Katherine L. Nathanson, MD
Pearl Basser Professor for BRCA-Related Research at the Abramson Cancer Center of the University of Pennsylvania
356 BRB II/III
421 Curie Blvd
University of Pennsylvania
Philadelphia, PA 19104
421 Curie Blvd
University of Pennsylvania
Philadelphia, PA 19104
Haverford College, Haverford, PA, 1987.
University of Pennsylvania School of Medicine, Philadelphia, PA, 1993.
Haverford College, Haverford, PA, 1987.
University of Pennsylvania School of Medicine, Philadelphia, PA, 1993.
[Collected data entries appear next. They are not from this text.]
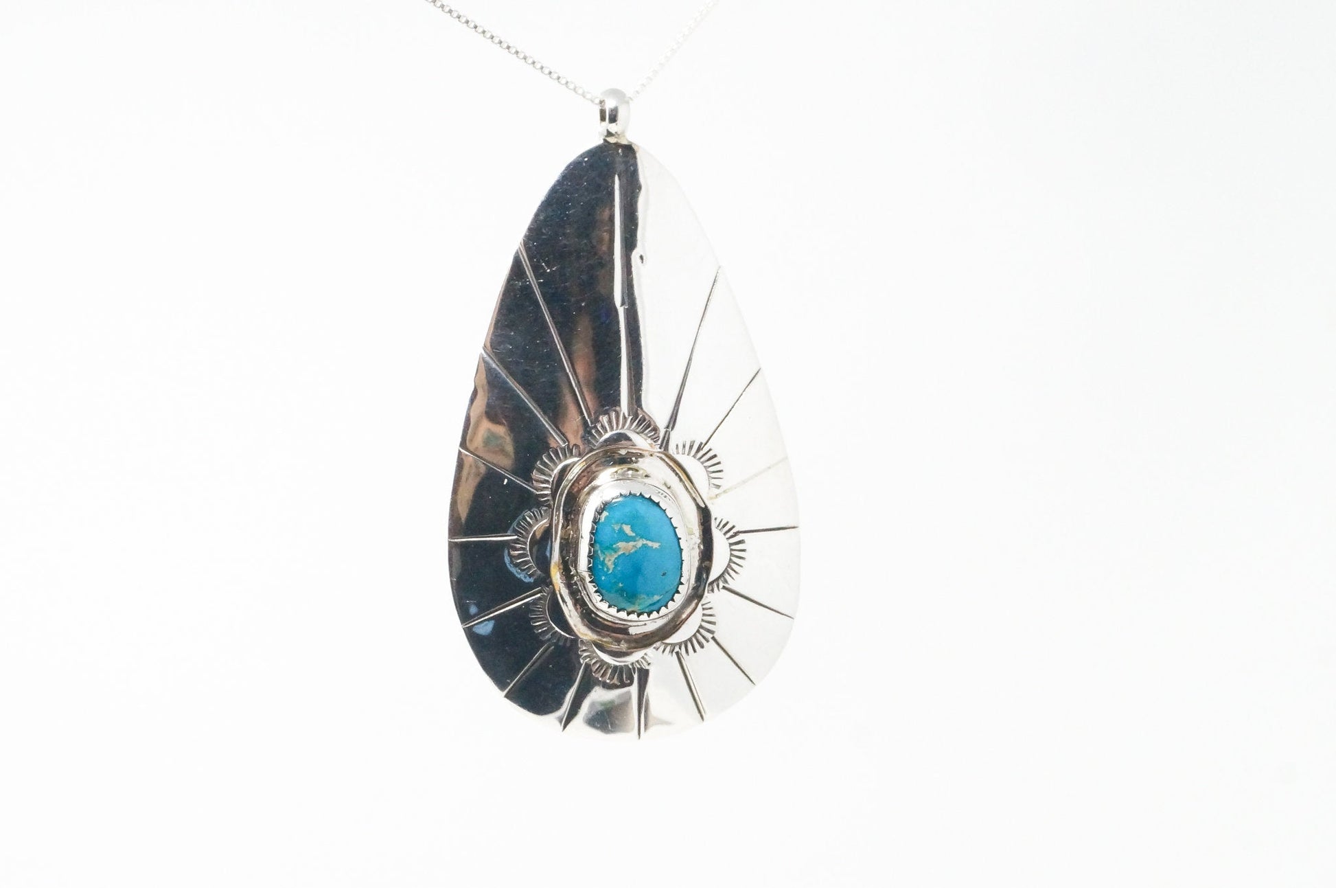 Vtg Native American Eddie Chee Turquoise Sterling Silver Necklace Pendant
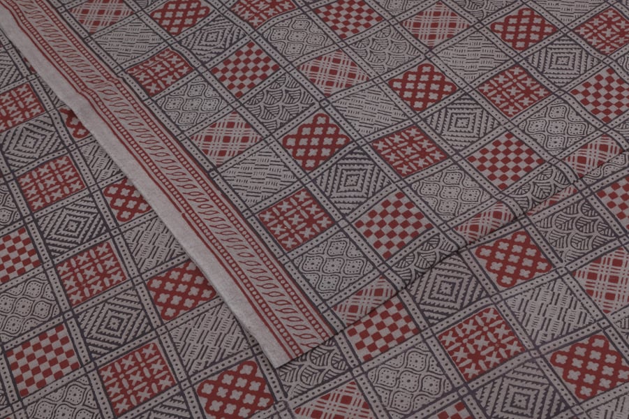Gray Handblock Bagh Printed Cotton Fabric
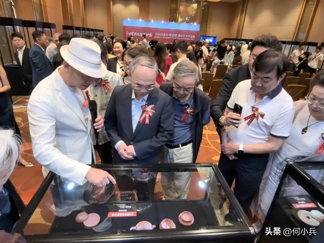 “吕尧臣、吕俊杰父子是宜兴紫砂艺苑的杰出贡献者。他们对吕氏绞泥进行当代工艺演绎,使其成为现代紫砂艺术的独特语言,而二人的创新思维与紫砂艺术创作成果,更为宜兴紫砂走向国际开创了崭新天地。”中国艺术研究院紫砂研究院常务副院长、江苏省工艺美术行业协会副会长、江苏省宜兴紫砂工艺厂厂长徐建荣在开幕式致辞时作出上述表示。记者注意到,开幕式结束后,现场参观者中不乏企业界翘楚:华住集团创始人季琦、新希望集团联合创始人李巍、印尼BUM DESA集团主席拉斯敏·维贾亚、东方创投金控集团董事长柳达礼、康菲石油亚太区总监赵福国等均到场参观。一场紫砂艺术展览,由此尽显国际范儿。
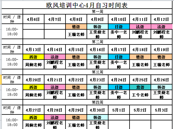 3月起教務(wù)部將提供學(xué)員增值服務(wù),每天安排固定時(shí)間供學(xué)員自習(xí)答疑,按月度出時(shí)間表。附件為3月自習(xí)時(shí)間表。 歐風(fēng)自習(xí)室:固定老師答疑,營造濃厚學(xué)習(xí)氛圍
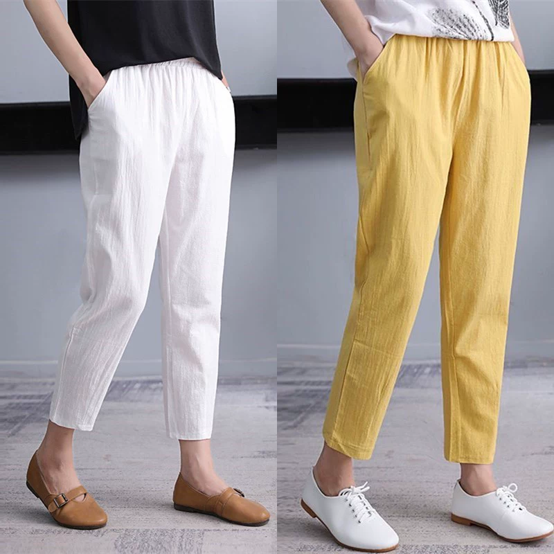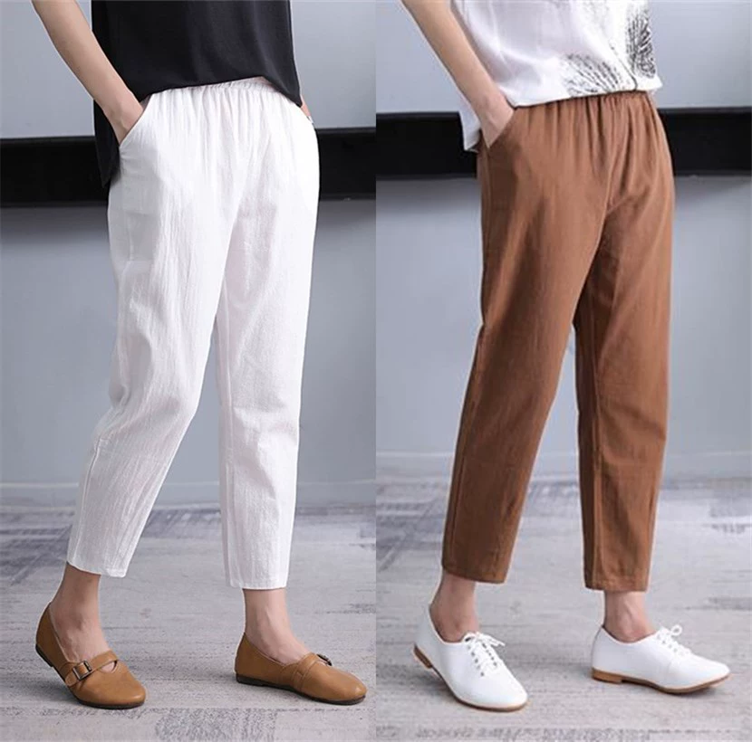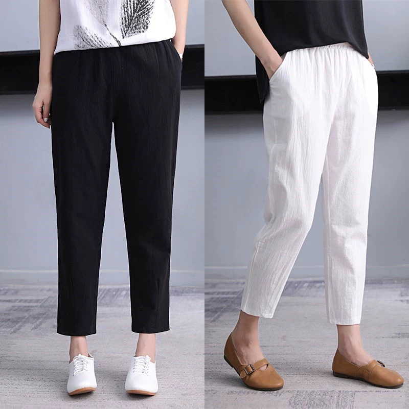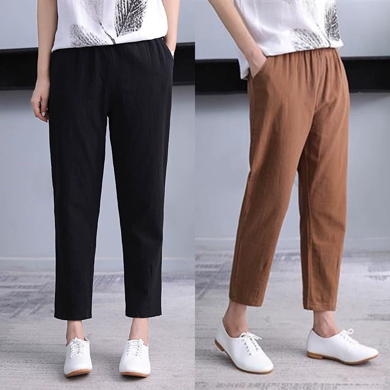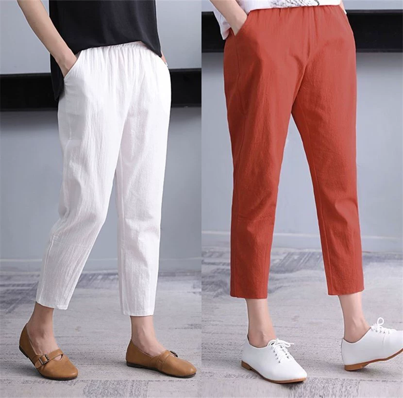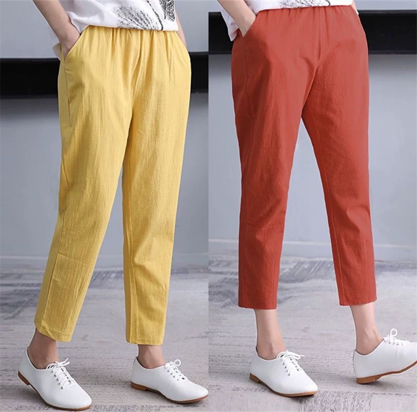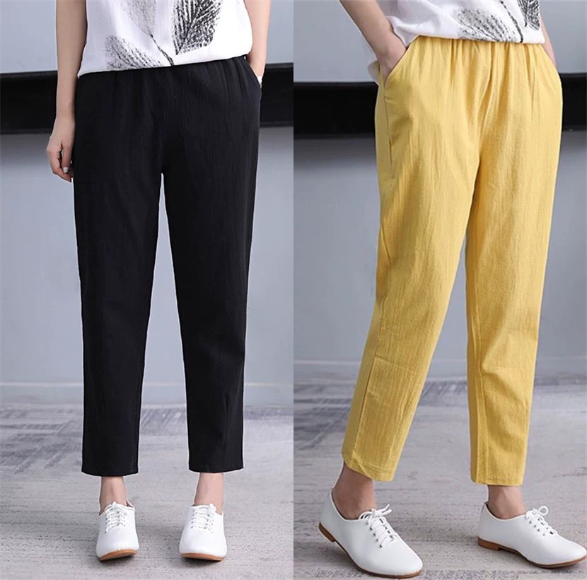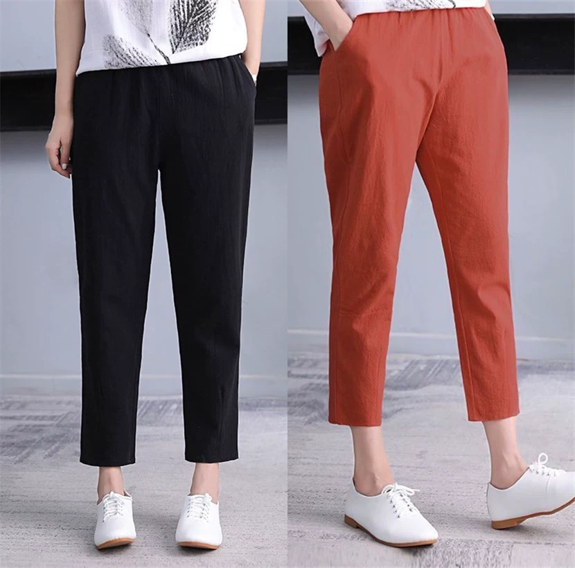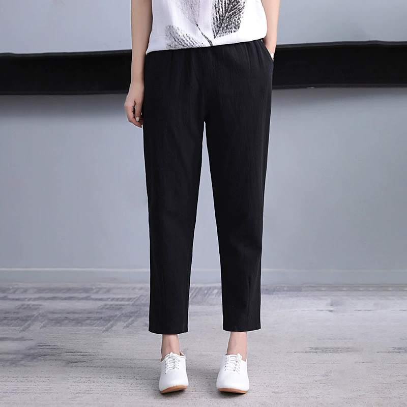 | nameOriginal | Special offer large size elastic waist thin nine-point cotton and linen pants |

Description of Research ExpertiseHereditary Breast Cancer
The research in the Nathanson Group in hereditary breast and ovarian cancer started when I was post-doctoral fellow, training under Dr. Barbara Weber. Most recently, we have published studies demonstrating variable risks of breast and ovarian cancers with differing mutation types and locations with BRCA1 and BRCA2 (JAMA, 2015), and described the world-wide distribution of mutations (Hum Mutat, 2018). My group has evaluated the rate of moderate risk gene mutations in early onset breast cancer (Genet Med, 2015; NPJ Breast Cancer ,2017), contributed to consensus statements on the risk of these mutations (NEJM, 2015; Nat Rev Clinic Oncol, 2016), and evaluated the use of the ACMG guidelines for variant annotation of these genes (Am J Hum Genet, 2016). We published a somatic characterization of tumors associated with BRCA1/2 germline mutations and demonstrated that a significant proportion do not have allele-specific loss of heterozygosity, associated with differential genetic/genomic characteristics and survival after treatment (Nat Comm, 2017). We have preliminary data following up.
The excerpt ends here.